FIG. 3 is a partially enlarged plan view of a connecting portion of the checker bricks in FIG. 1;

FIG. 4 is a plan view of one brick layer when constructing a heat storage chamber using the checker bricks of FIG. 1;

FIG. 5 shows a second embodiment of the checker brick of the present invention, in which (a) is a plan view thereof, and (b) is a partially enlarged plan view of a connecting portion of the checker brick.

FIG. 6 shows a third embodiment of the checker brick of the present invention, in which (a) is a plan view thereof, and (b) is a partially enlarged plan view of a connecting portion of the checker brick.

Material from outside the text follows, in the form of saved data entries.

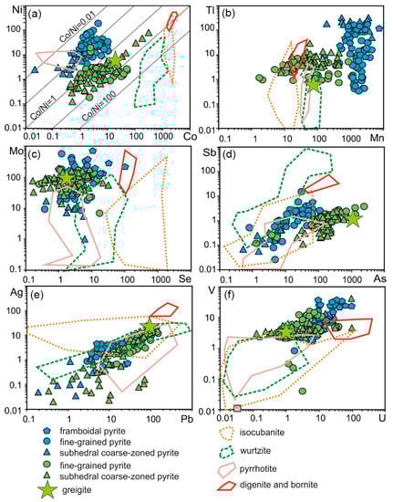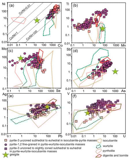 The distribution of most pyrite-3 plotted points was similar to isocubanite in several diagrams (Figure 3). The exception was Ni with higher concentration in pyrite-3 as well as in submarine supergene bornite and digenite as opposed to isocubanite (Figure 3a). The contents U, V, and Mo were commonly low or variable in pyrite-3 and isocubanite (Table 1).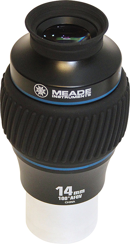 The Meade Series 5000 Xtreme Wide Angle 14mm 100° Eyepiece features blackened lens edges and internal surfaces as well as a parfocal design for little focus change between eyepieces of the series. It offers a 100° apparent field of view.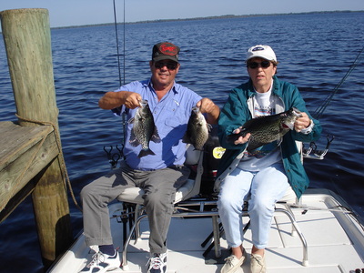 Well we went to Lake Monroe today regardless what the weather forcasters said for most of the time they are wrong.We started out on Lake Monroe long line pulling and were catching fish until it just got too rough so we went north up into the St Johns river between markers 110 and 114 and continued to pull Culprit and AWD crappie baits. The bite was good and we caught a limit of fish before the boat traffic got to bad.The secret today was to pull at 1.2 mile per hour in 13 feet of water, the fish seemed to be suspoended at about 4-5 feet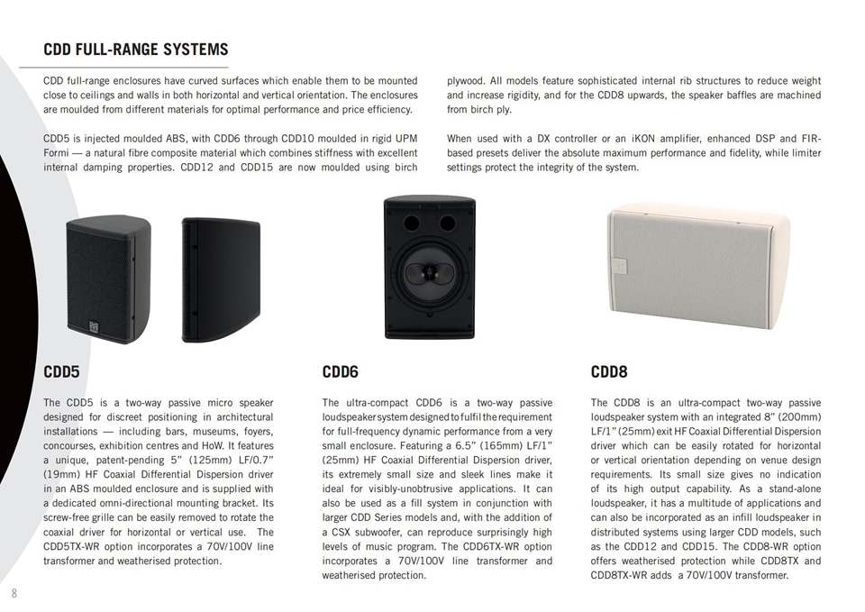 無(wú)論是一個(gè)酒吧、一個(gè)音視頻固定安裝工程、教堂或極富聲望的夜總會(huì),CDD系列都可以滿足它們的需求。CDD被證實(shí)是一種一站式解決方案;六種雙向全頻的 同軸系統(tǒng)——從微型的CDD5一直到強(qiáng)力的CDD15,搭配高性能超低音揚(yáng)聲器——涵蓋了基本上所有的安裝應(yīng)用環(huán)境。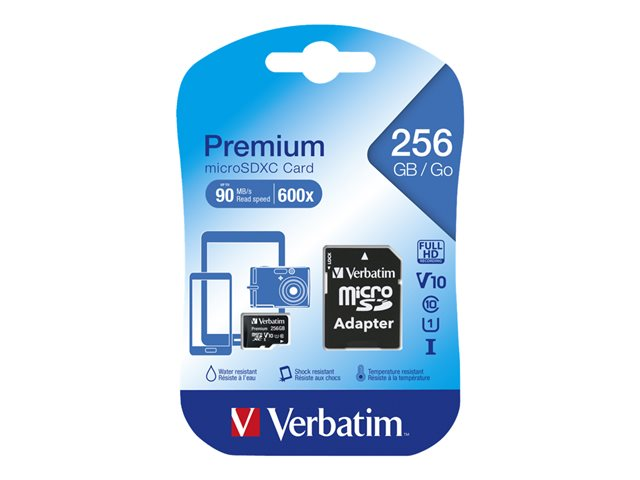 Verbatim Premium - Carte mémoire flash (adaptateur SD inclus(e)) - 256 Go - UHS Class 1 / Class10 - microSDXC UHS-I

FIG. 7 is a plan view showing a fourth embodiment of the checker brick of the present invention.

[Explanation of symbols]

1, 1a, 1b, 1c, 1d, 1e, 1f, 1g Checker brick 2 First end 3 Second end 4 Middle part 5 Upper surface 6 Lower surface 7 Side surface 7a, 7b, 7c, 7d Side end portion 8 Side surface 8a , 8b, 8c, 8d Side end 9 End face 10 of the first end End face 21, 22 of the second end Convex portions 23, 24 for connection 24 First engagement surface 25, 26 Second engagement surface 31 For connection Recess 32 First engagement surface 33 Second engagement surface 34 Third engagement surface

Claims (2)

[Claims] Claim 1: The parallelepiped has a substantially rectangular parallelepiped shape, and has a pair of connecting convex portions protruding in opposite directions substantially perpendicular to the long axis at the first end in the long axis direction, and has a long parallelepiped shape. The second end in the axial direction has a connecting recess recessed in the direction along the long axis, and the connecting recess is formed by butting the end surfaces of the two checker bricks on the first end side. A checker brick characterized in that it can be fitted into one of a pair of protrusions formed by the connecting convex portions when the checker bricks are arranged. 2. The method for constructing checker bricks according to claim 1, wherein the first and second checker bricks are arranged with their first end faces facing each other, while the third and fourth checker bricks are arranged with their first end faces facing each other. checker bricks are arranged on each side of the first and second checker bricks so as to be perpendicular to the first and second checker bricks, and a pair of projections are formed by connecting projections of the first and second checker bricks; A method for constructing checker bricks, comprising fitting the connecting recesses of the third and fourth checker bricks, respectively.